Reluctance Of States To Empower Urban Local Bodies

  • Functional Reluctance:
    • Limited Devolution of Functions:
      • Many states have been slow in transferring functions listed in the Twelfth Schedule to ULBs, impeding their ability to effectively govern urban areas.
      • Parallel Bodies: The establishment of parallel bodies like Special purpose vehicle overseeing significant urban functions weakens the role and significance of ULBs.
    • Non-transparent Appointment Procedures: In some states, ward committees are not constituted transparently, leading to delays and potential compromises in the democratic process.
    • Mayoral Authority: In states where mayors are directly elected, their authority is often nominal due to Municipal commissioners wielding more decision-making power inadequate power devolution, limiting their effectiveness in local governance.
  • Financial Reluctance:
    • Dependency on State Grants: ULBs rely heavily on grants from state governments, which limits their financial autonomy and leaves them vulnerable to changing state priorities.
    • Inefficient Revenue Collection: Many ULBs face challenges in efficiently collecting property taxes and other local dues, resulting in strained financial resources.
    • Lack of Diversified Revenue Sources: A significant portion of revenue for ULBs, up to 60%, is derived solely from property taxes, indicating a lack of diversification in revenue streams like public-private partnerships, municipal bonds, or user charges.
    • Ineffective State Financial Commissions: As per RBI report, State governments often fail to establish State Financial Commissions (SFCs) as mandated every five years.

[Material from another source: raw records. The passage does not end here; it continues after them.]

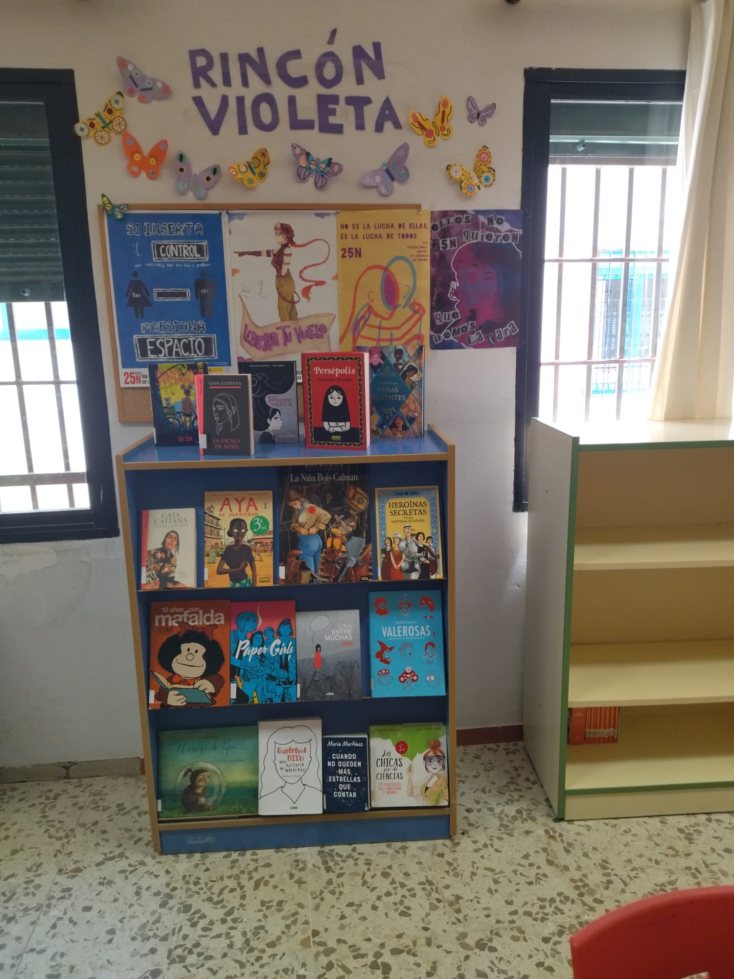 Desde el Plan de Igualdad hemos venido colaborando con el Departamento de Biblioteca organizando el rincón violeta como una más de las temáticas mensuales que este departamento expone a lo largo del curso.
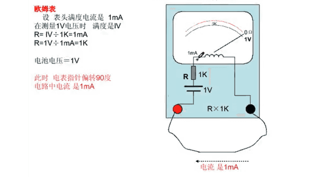 被测电阻等于欧姆表的内阻,指针指示45度(满刻度的一半)这就是中心刻度,此值越小越好。中心刻度越小测量精度越高,表笔间的电流更大。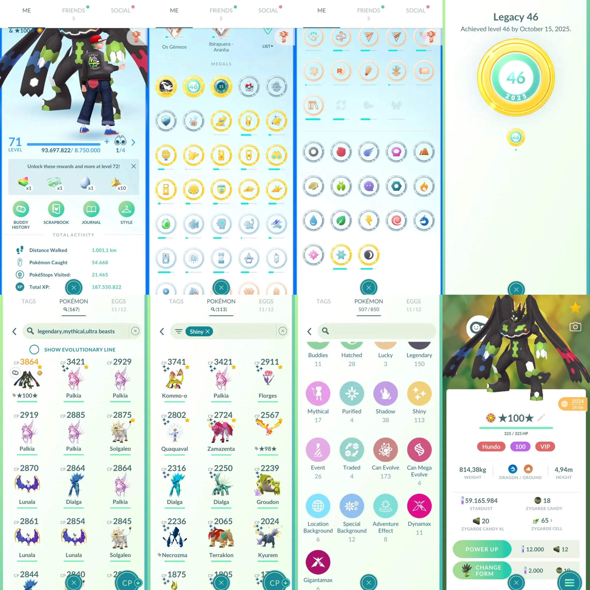 High Level 71+;7 Legend iv100; Zygarde form 3 iv100; 167 legend; 113 shiny; 44 Hundo; 59mil+ Stardust;184m+ XP-26 Costume;12 special background; 11 Dynamax-20 medal
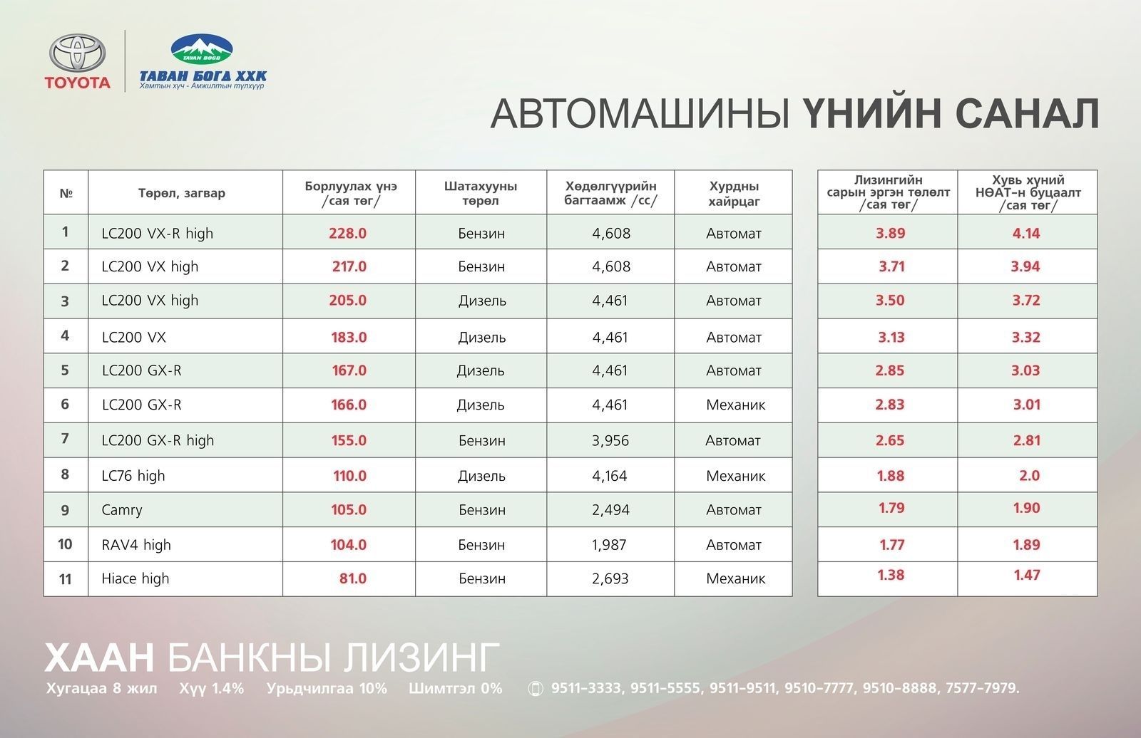 - ХасЛизинг ХХК (LC200): Урьдчилгаа 10%, хүү 1.45%, хугацаа 8 жил, зээл олголтын шимтгэл 0.5%, утас: 9907-3308 http://xacleasing.mn/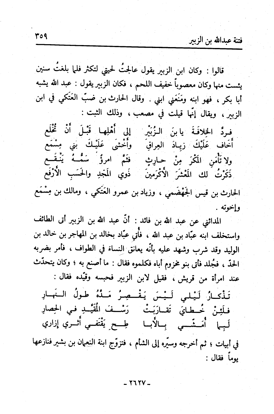 قَالُوا: وَكَانَ ابْن الزُّبَيْر يَقُول عالجت لحيتي لتكثر فلما بلغت سنين يئست منها وَكَانَ معصوبا خفيف اللحم، فكان الزُّبَيْر يَقُول: عَبْد اللَّهِ يشبه أبا بَكْر، فَهُوَ ابنه ومنعني ابني. وَقَالَ الْحَارِث بْن ضب العتكي فِي ابْن الزُّبَيْر، ويقال إنها قيلت فِي مُصْعَب، وَذَلِكَ الثبت:

Consequently, SFCs largely fall short in guaranteeing a systematic and rule-based allocation of funds to Local governments.

The states in India seem reluctant to empower urban local bodies both functionally as well as financially.” Comment.

To Tackle These Obstacles, Following Steps Can Be Implemented

  • Enhancing Financial Autonomy:
    • Devolve More Taxes: State governments should allocate a greater share of taxes to ULBs, reducing dependence on higher levels of government for funding.
    • Promoting Innovative Financing: Encourage ULBs to explore alternative financing mechanisms to diversify revenue sources. For Ex: Municipal Bonds
  • Strengthening Devolution of Powers: Periodic reviews should be conducted to ensure that the provisions of the 74th Amendment Act are effectively implemented, empowering ULBs to carry out their functions.
  • Capacity Building: States should invest in capacity-building programs for local bodies, as exemplified by successful initiatives in Karnataka and Mizoram. This would enhance the competence and efficiency of ULBs.
  • Streamlining Accounting Practices: ULBs should implement improved accounting practices, ensuring accurate budget preparation, maintenance, and timely presentation of accounts.

States like Karnataka, Mizoram focus on capacity building for local bodies. Some states like Gujarat, Maharashtra, and Andhra Pradesh have granted financial autonomy. The 74th Amendment's vision needs consistent empowerment efforts and political commitment for effective urban development.